Two good recipes to feed a crowd of 20 people are shredded BBQ beef and creamed potato casserole. These recipes are simple, and the dishes work well together to make a complete meal.
To make shredded BBQ beef, cut a 4-pound roast in half, and place in a slow cooker. Top the beef with 1 large sliced onion, 1 cup of ketchup, 1/4 cup lemon juice, 3 tablespoons Worcestershire sauce, 2 tablespoons apple cider vinegar, 2 tablespoons brown sugar, 1 teaspoon salt and 1/4 teaspoon pepper. For an optional smoky flavor, add 1/2 teaspoon Liquid Smoke. Cover the mixture, and heat on low for eight to nine hours. Shred the beef, and serve on kaiser rolls.

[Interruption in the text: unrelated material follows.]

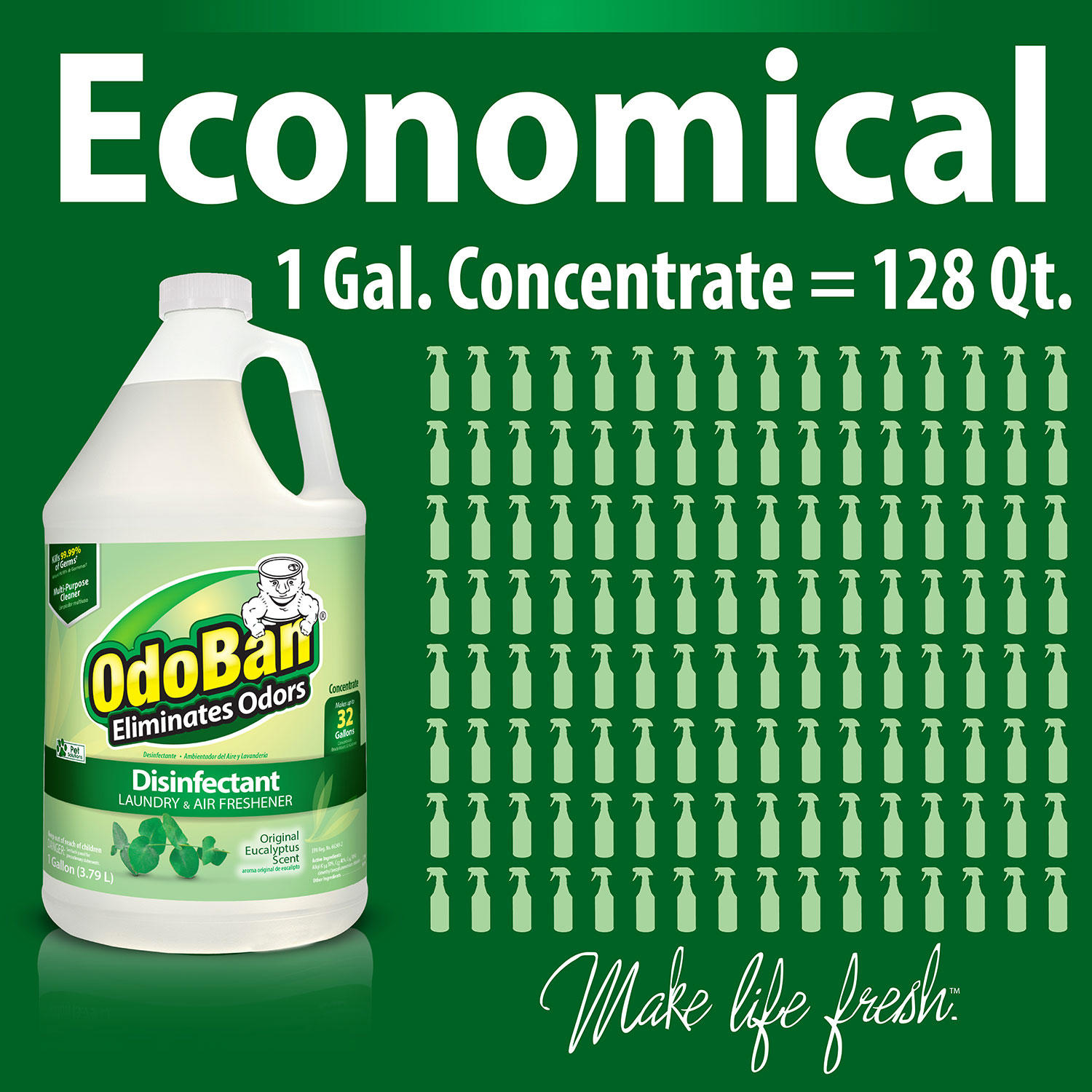 A multi-purpose cleaner, you'll find many ways to use OdoBan Odor Eliminator and Disinfectant Concentrate, Eucalyptus Scent. It can clean a variety of surfaces from carpets to kitchen countertops. Use it as a cleaning solution for everyday tasks like mopping floors, wiping down tables and shining appliances. It is also powerful enough for heavy-duty or deep cleaning such as scrubbing walls, cleaning outdoor furniture, and removing mold and mildew from bathroom tiles. Concentrated, it will make up to 32 gallons of an all-purpose cleaning agent.

For the creamed potato casserole, boil 10 pounds of potatoes for 15 to 20 minutes, then drain and rinse the potatoes with cold water. Peel and cut the potatoes when cool. Next, melt 2/3 cup of butter, and slowly stir in 2/3 cup of flour. Boil the mixture for about 2 minutes or until thick. Mix 1 cup of the butter and flour mixture with 8 beaten egg yolks, then return that mixture to the original pan. Add 1 1/2 cups minced fresh parsley, 3 teaspoons salt, 3/4 teaspoon pepper and 1/4 teaspoon cayenne pepper into the cream mixture. Layer the cream mixture and potatoes in a couple of 3-quart casserole dishes. Top with a mixture of 3 tablespoons melted butter and 1 cup seasoned breadcrumbs, and bake at 375 F for 45 minutes.